▶ [WHAT YOU NEED TO DO] Omit all pictures and give the records below again exactly as written.

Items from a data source
Content starts

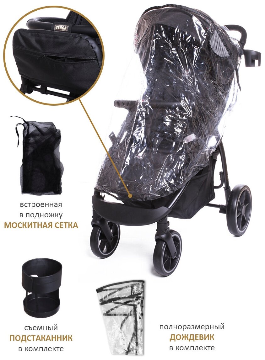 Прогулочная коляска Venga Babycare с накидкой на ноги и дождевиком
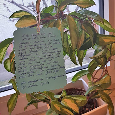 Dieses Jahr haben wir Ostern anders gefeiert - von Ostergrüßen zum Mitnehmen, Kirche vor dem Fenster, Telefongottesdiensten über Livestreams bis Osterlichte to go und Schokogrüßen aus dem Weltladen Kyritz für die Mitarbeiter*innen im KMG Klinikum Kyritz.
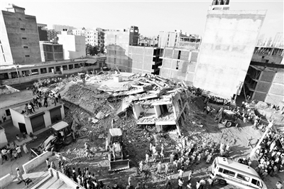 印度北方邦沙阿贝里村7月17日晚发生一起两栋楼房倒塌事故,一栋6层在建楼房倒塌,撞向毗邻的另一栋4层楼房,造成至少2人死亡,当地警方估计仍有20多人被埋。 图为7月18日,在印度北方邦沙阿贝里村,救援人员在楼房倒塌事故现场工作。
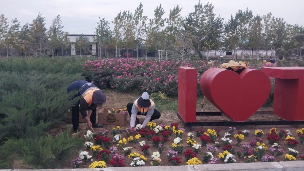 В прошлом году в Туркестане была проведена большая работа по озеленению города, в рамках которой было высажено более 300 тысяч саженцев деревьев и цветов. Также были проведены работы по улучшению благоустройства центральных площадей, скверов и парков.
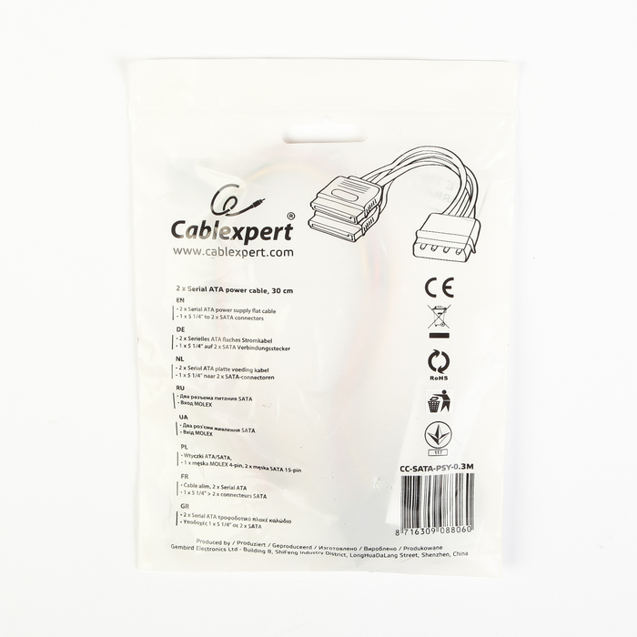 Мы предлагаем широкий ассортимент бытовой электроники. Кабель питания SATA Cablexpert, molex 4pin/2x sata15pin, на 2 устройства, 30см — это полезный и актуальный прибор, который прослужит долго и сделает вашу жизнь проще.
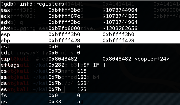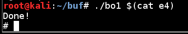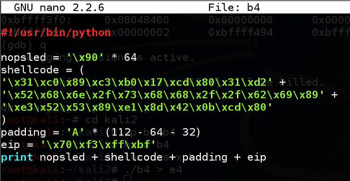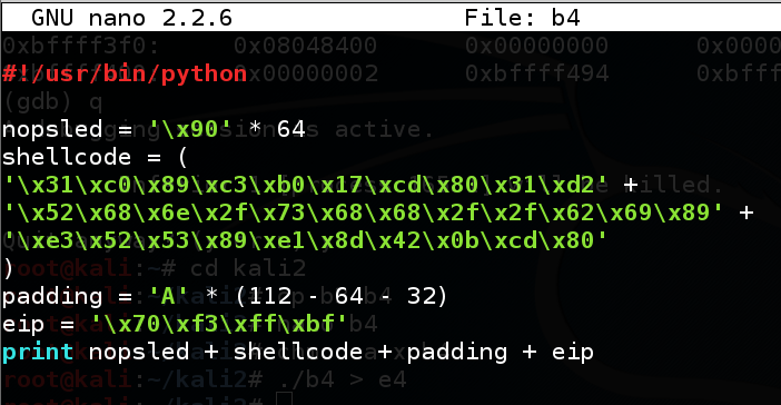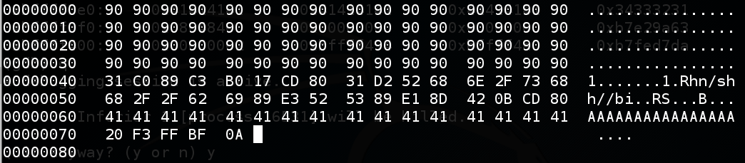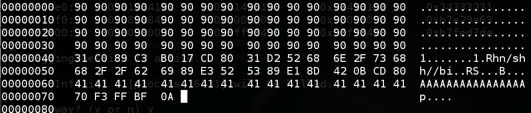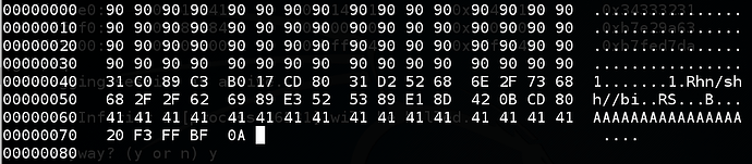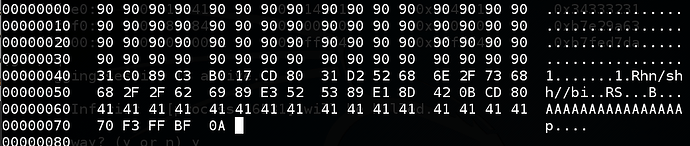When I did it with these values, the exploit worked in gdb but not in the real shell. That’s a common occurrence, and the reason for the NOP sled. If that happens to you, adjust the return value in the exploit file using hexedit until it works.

Content ends

▶ [ANSWER TO THIS PROBLEM]
 Прогулочная коляска Venga Babycare с накидкой на ноги и дождевиком
 Dieses Jahr haben wir Ostern anders gefeiert - von Ostergrüßen zum Mitnehmen, Kirche vor dem Fenster, Telefongottesdiensten über Livestreams bis Osterlichte to go und Schokogrüßen aus dem Weltladen Kyritz für die Mitarbeiter*innen im KMG Klinikum Kyritz.
 印度北方邦沙阿贝里村7月17日晚发生一起两栋楼房倒塌事故,一栋6层在建楼房倒塌,撞向毗邻的另一栋4层楼房,造成至少2人死亡,当地警方估计仍有20多人被埋。 图为7月18日,在印度北方邦沙阿贝里村,救援人员在楼房倒塌事故现场工作。
 В прошлом году в Туркестане была проведена большая работа по озеленению города, в рамках которой было высажено более 300 тысяч саженцев деревьев и цветов. Также были проведены работы по улучшению благоустройства центральных площадей, скверов и парков.
 Мы предлагаем широкий ассортимент бытовой электроники. Кабель питания SATA Cablexpert, molex 4pin/2x sata15pin, на 2 устройства, 30см — это полезный и актуальный прибор, который прослужит долго и сделает вашу жизнь проще.
When I did it with these values, the exploit worked in gdb but not in the real shell. That’s a common occurrence, and the reason for the NOP sled. If that happens to you, adjust the return value in the exploit file using hexedit until it works.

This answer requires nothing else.